"Two wrongs may not make a right but a thousand wrongs make a writer.”

Wednesday, May 11, 2011

Do Your Fingerprints Tell a Story?

We have new ID's at work with a chip in them. An electronic reader can know everything about you off that chip. They must be worn in lead-lined protective sleeves, lest random readers on the street capture the essence of you, like the sun burrowing through your clothes and the wind lifting a skirt. Do you think this is science fiction? Some new genre I'm delving into?

They took our fingerprints for this new ID, prints of all four digits on each hand and then separate ones of our thumbs and then the lone digit finger as identifier. They had trouble getting my prints. I have evidently worked the print right off the pad of my fingers. Did you know such a thing was possible? It is.
Notice I have no nails as well as no fingerprints.

The technician said they have trouble sometimes getting prints from masons and concrete workers and bricklayers. Add to the list gardeners and farmers. How about writers? All this tap tap tapping.

I had to wash my hands and apply corn huskers lotion. Twice. She was about to give up but finally got a set she thought would be "acceptable" and sent it off.

What if she hadn't been able to get fingerprints from me? Would I be allowed to move incognito through this new world obsessed with identity? Having gone through the lengthy process, do I feel more secure? Safe in my job, my identity, my world? This much I know: I felt somewhat special with my unreadable fingerpads and disappointed when she was finally able to "read" me.
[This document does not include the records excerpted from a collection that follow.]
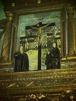 La capilla actual, donde está situado el retablo mayor, en su día estuvo separada del resto de la nave, que normalmente era la que ocupaban los fieles, por una reja de madera de la que aún quedan restos en el arco donde estuvo empotrada y otros trozos arrinconados en el «Camarín». En el siglo XVIII se tomó la decisión de poner una cerradura en la puerta que tenía la reja en su parte central, al objeto de poder abrirla para que los peregrinos que llegasen pudiesen permanecer en la nave central y divisar la imagen de la Virgen sin, por ello, quitar la intimidad que tenían la capilla mayor y el «Camarín», así como los dos altares colaterales. En esa misma época se pusieron cerraduras en el acceso a las campanas para que solo el sacristán pudiera tener acceso a ellas. Según figura en el Libro del Santuario, en 1720 se pagaron «tres rs.» por las cerraduras de la reja y del campanario. Corona el retablo una pintura de Jesús en la cruz con su madre y otra mujer a los pies.[29]
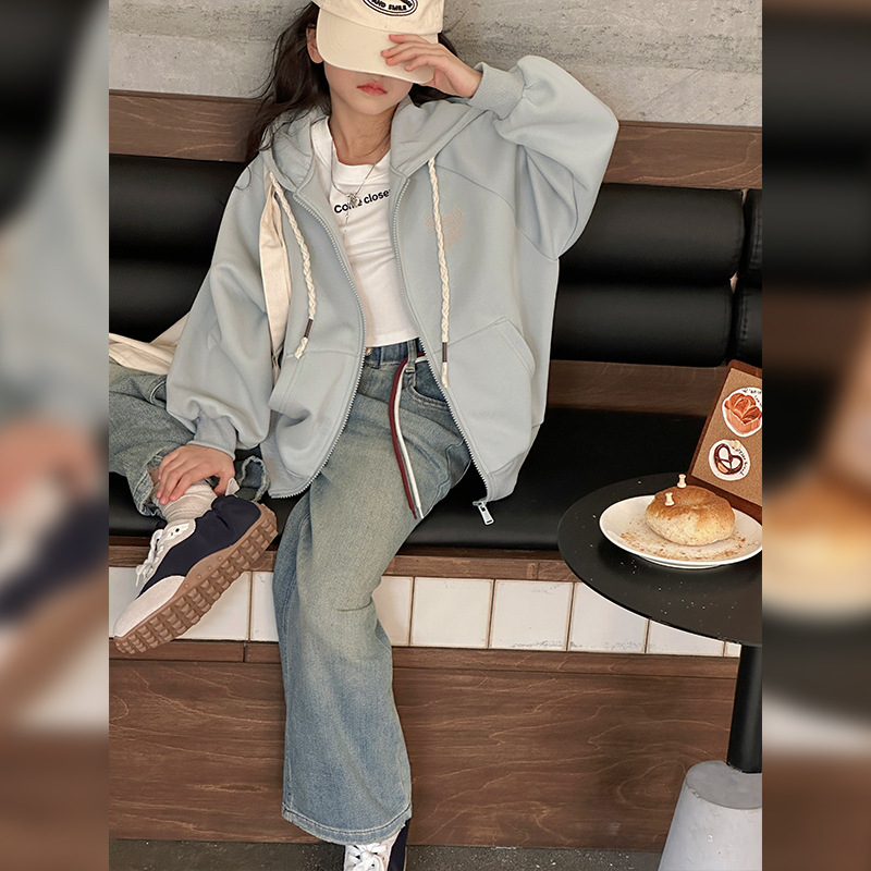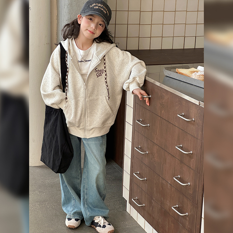 소녀 코트 2025 봄과 가을 새로운 어린이 봄 착용 캐주얼 스포츠 후드 스웨터 카디건 느슨한 아동복 탑스토어 가기
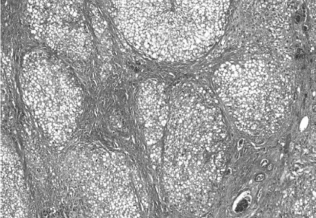 Рис. 3. Цирроз печени с формированием ложных долек, состоящих из гепатоцитов в состоянии выраженной жировой и белковой дистрофии (окраска гематоксилином и эозином, ув. ×100)
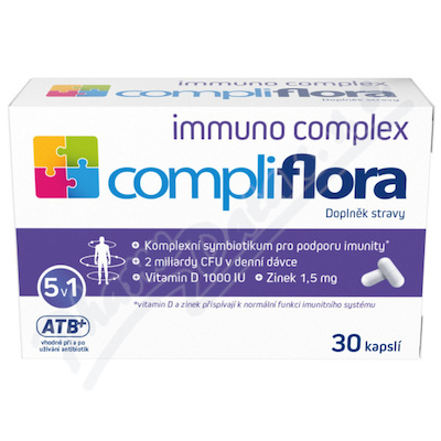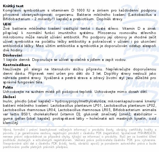 Komplexní symbiotikum s vitaminem D 1000 IU a zinkem pro každodenní podporu přirozené obranyschopnosti organismu. Bakterie mléčného kvašení (Lactobacillus a Bifidobacterium - 2 miliardy/1 kapsle) a prebiotikum. Doplněk stravy.
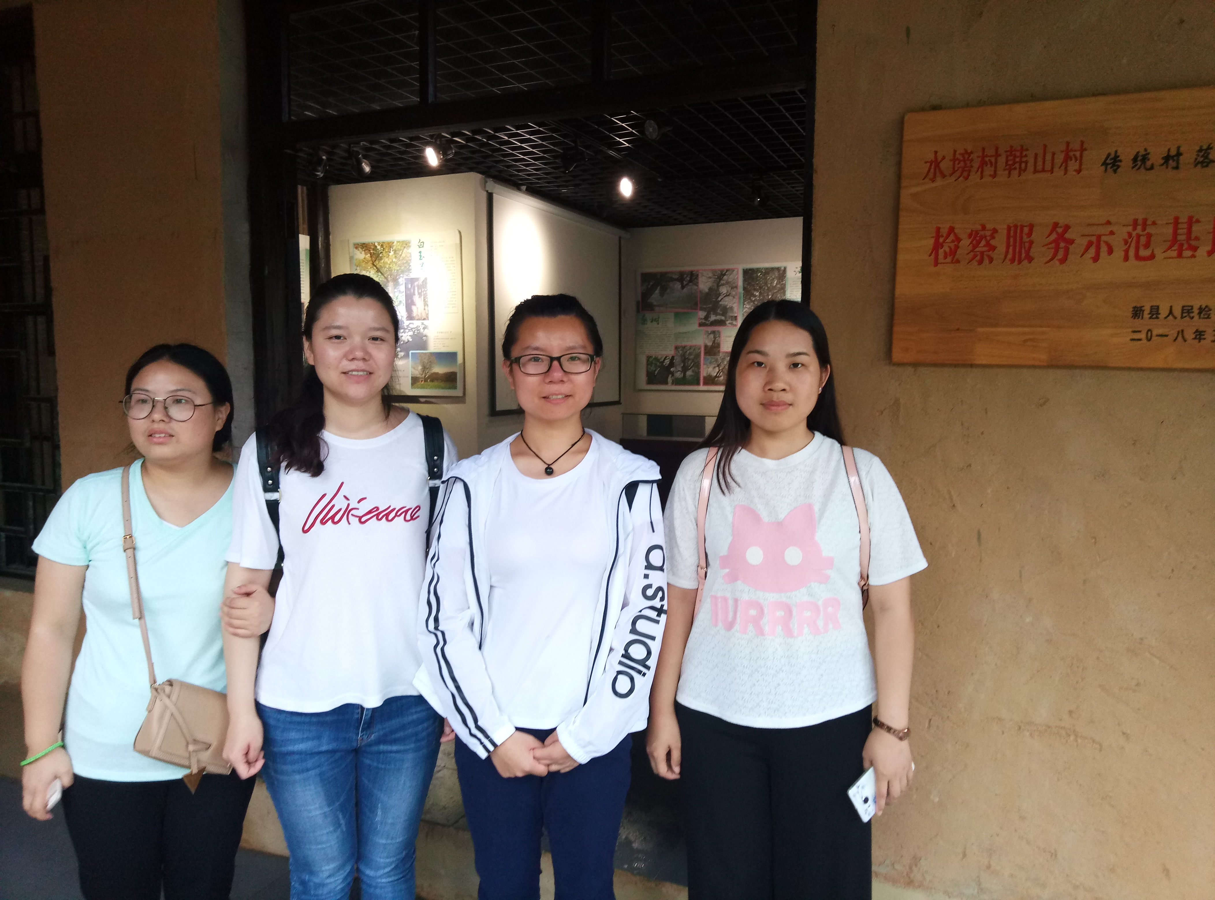 韩山村是国家级传统村落,距今有800年历史。瓢泼大雨中,同学们踩着泥泞的山路慢慢往上走,不一会就进入到了韩山村,映入眼帘的是郁郁葱葱、叫不上名儿的绿树,往前走,在村口迎接我们的是新县树王博物馆。负责看馆的韩大爷非常热情地招呼我们避雨。韩大爷说韩山村村里村外现有古树古木有149株,古树资源很丰富。国家建起了树王博物馆后,很多人都来参观,也带动了村里的经济,他希望村里的生活越来越好。

How about you? Have you worked the fingerprint off the pad of your fingers? If so, how would you feel about that?

6 comments:

Anne Gallagher said...

Mine are full of nicks and scars from when I was a chef. I'm pretty identifiable.
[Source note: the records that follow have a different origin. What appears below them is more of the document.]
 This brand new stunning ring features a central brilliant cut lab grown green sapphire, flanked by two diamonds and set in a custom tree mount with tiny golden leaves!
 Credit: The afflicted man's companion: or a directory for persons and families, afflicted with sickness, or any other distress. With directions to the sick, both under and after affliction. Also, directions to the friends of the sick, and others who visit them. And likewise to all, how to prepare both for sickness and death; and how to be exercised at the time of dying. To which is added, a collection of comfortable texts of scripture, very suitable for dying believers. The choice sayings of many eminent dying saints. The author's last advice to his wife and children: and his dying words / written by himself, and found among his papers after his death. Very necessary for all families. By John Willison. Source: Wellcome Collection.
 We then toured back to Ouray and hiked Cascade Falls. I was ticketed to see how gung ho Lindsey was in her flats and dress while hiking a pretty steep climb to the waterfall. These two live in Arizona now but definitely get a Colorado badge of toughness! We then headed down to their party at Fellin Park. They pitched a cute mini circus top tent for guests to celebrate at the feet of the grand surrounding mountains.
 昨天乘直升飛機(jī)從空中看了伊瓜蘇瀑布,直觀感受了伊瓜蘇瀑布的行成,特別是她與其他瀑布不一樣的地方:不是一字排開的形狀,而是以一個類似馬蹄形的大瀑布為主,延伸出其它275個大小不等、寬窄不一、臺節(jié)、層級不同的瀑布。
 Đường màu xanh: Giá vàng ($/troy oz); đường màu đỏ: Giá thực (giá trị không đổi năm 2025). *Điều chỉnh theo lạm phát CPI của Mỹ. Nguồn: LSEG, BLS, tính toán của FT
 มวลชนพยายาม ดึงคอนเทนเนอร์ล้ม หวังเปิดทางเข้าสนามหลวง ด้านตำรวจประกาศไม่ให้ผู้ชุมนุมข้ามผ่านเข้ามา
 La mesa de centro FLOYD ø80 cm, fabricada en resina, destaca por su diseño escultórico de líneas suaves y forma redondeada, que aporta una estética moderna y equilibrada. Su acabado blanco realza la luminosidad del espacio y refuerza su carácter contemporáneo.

But just think, with no fingerprints you could commit the perfect crime...Oh I feel a storyline coming on.

BTW, I wrote up my spinach pie recipe and posted in on the "pages" column in my sidebar if you want to take a gander.

Frances Garrood said...

Ah (Anne) - but there's always DNA. That'll catch you out, fingerpirnts or not (won't it?). As to nails, shouldn't they be on the other side of the hand?

Wine and Words said...

They can scan retinas as I understand it, which are also unique identifiers. But I can understand your unease. My fingers and hands and nails look like crap. Farming ain't for sissies :)

C.M. Jackson said...

hummimg secret agent after reading that piece--I agree with Anne-sounds like a great story--c

Anthony Duce said...

There has to be a certain pride, knowing your hands are so used, they many be completely smooth. I’m completely identifiable, with ink, paint, graphite and charcoal; I leave my prints everywhere. Most in my small world don’t like it very much.

Yvonne Osborne said...

Anne,
We've come by our scars honestly! Yes, the perfect crime. The timeline only has to predate DNA technology. And thanks for posting that recipe. I'll definitely be over!

Frances,
Ha! When I had long nails, you could see them over the tops of my fingers from the back. Know what I mean? I simply have no nails worth polishing anymore.

Annie,
Yeah, retinas and hair folicles, and on and one. We aren't sissies, but one way or another, they'll get us.

C.M. Jackson,
Hi! Yeah, the more I think about it, the more I think it could be the basis for a great story. Good to hear from you.

Tony,
Yes, a wierd kind of pride. I can just see you, charcoal and all, paint smudges trailing after you. You and your painter's hands.